Once the line with "INC Ruffle cardigan" is found in the entries below, repeat it and each following line exactly, up to and including the line with "After the screening, we". Add no other lines.

> PROVIDED RECORDS

★ ★ ★

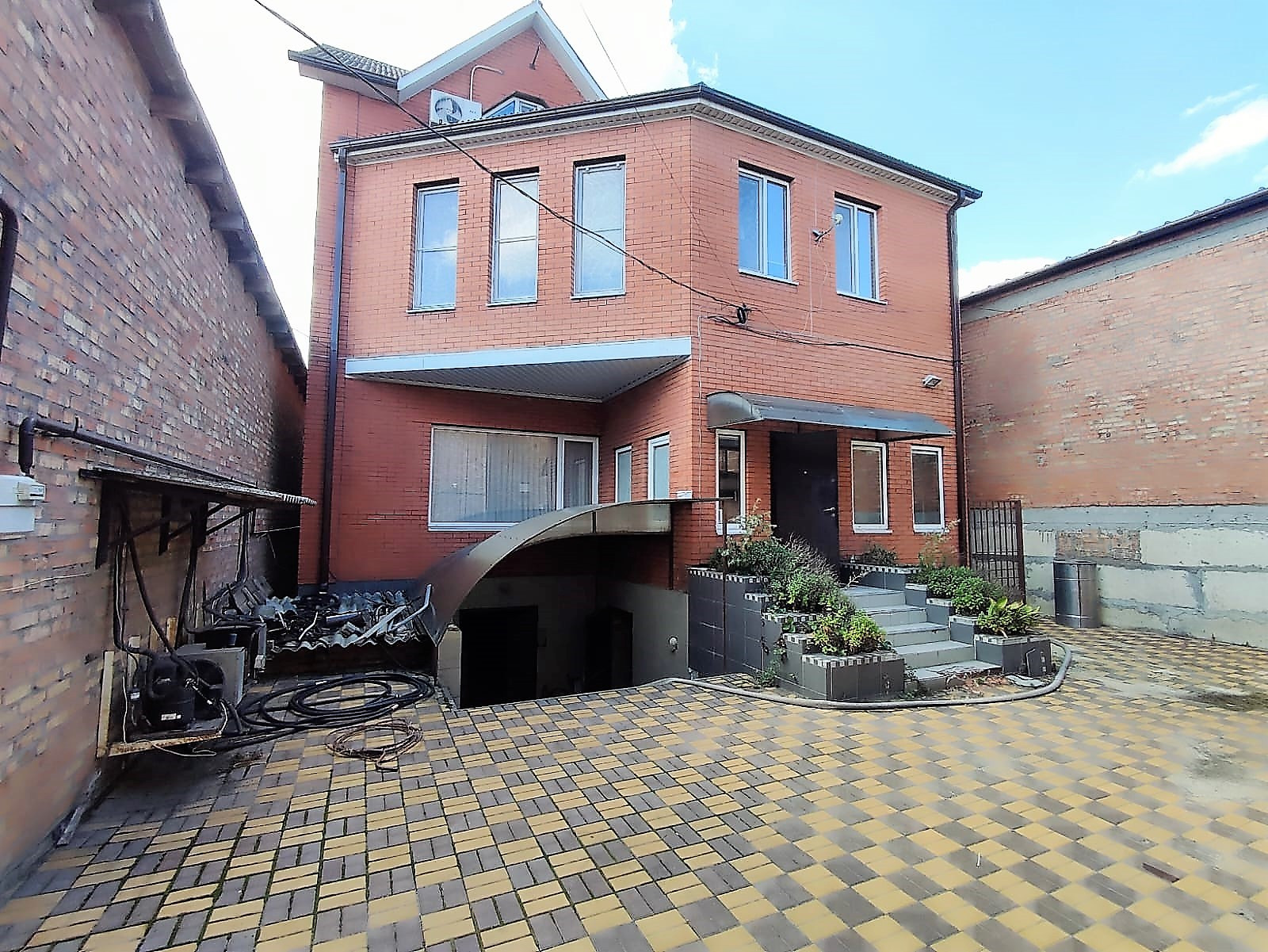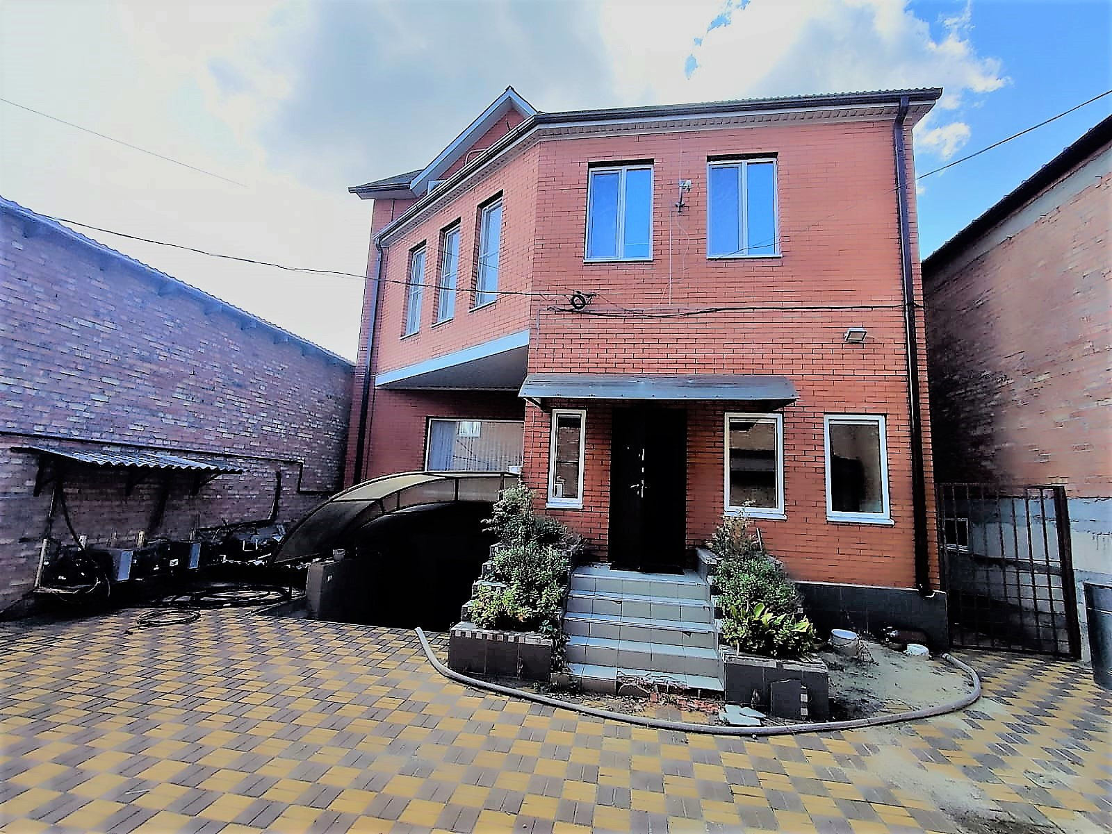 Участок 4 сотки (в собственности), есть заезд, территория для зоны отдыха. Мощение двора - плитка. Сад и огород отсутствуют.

★ ★ ★

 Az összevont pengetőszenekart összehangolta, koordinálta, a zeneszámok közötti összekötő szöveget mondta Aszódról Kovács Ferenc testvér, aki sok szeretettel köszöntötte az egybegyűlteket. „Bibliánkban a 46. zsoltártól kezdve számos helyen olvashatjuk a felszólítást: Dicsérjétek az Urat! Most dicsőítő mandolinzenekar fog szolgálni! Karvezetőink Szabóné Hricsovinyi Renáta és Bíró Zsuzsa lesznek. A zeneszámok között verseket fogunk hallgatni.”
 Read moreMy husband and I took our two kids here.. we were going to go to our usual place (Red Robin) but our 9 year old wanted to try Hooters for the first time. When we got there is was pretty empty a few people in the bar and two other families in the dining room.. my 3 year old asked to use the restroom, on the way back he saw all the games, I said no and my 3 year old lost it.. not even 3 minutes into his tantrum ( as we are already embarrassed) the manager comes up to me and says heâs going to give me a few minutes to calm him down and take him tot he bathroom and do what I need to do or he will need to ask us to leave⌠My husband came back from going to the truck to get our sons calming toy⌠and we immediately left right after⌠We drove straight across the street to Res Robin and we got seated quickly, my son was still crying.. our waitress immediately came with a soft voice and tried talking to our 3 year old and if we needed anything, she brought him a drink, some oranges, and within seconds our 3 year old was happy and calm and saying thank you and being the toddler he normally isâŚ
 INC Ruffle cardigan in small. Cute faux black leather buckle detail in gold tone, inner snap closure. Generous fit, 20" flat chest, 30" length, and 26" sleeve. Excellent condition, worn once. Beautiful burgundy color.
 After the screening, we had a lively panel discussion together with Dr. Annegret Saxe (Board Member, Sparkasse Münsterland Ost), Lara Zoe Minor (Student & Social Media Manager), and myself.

★ ★ ★

> YOUR SOLUTION
 INC Ruffle cardigan in small. Cute faux black leather buckle detail in gold tone, inner snap closure. Generous fit, 20" flat chest, 30" length, and 26" sleeve. Excellent condition, worn once. Beautiful burgundy color.
 After the screening, we had a lively panel discussion together with Dr. Annegret Saxe (Board Member, Sparkasse Münsterland Ost), Lara Zoe Minor (Student & Social Media Manager), and myself.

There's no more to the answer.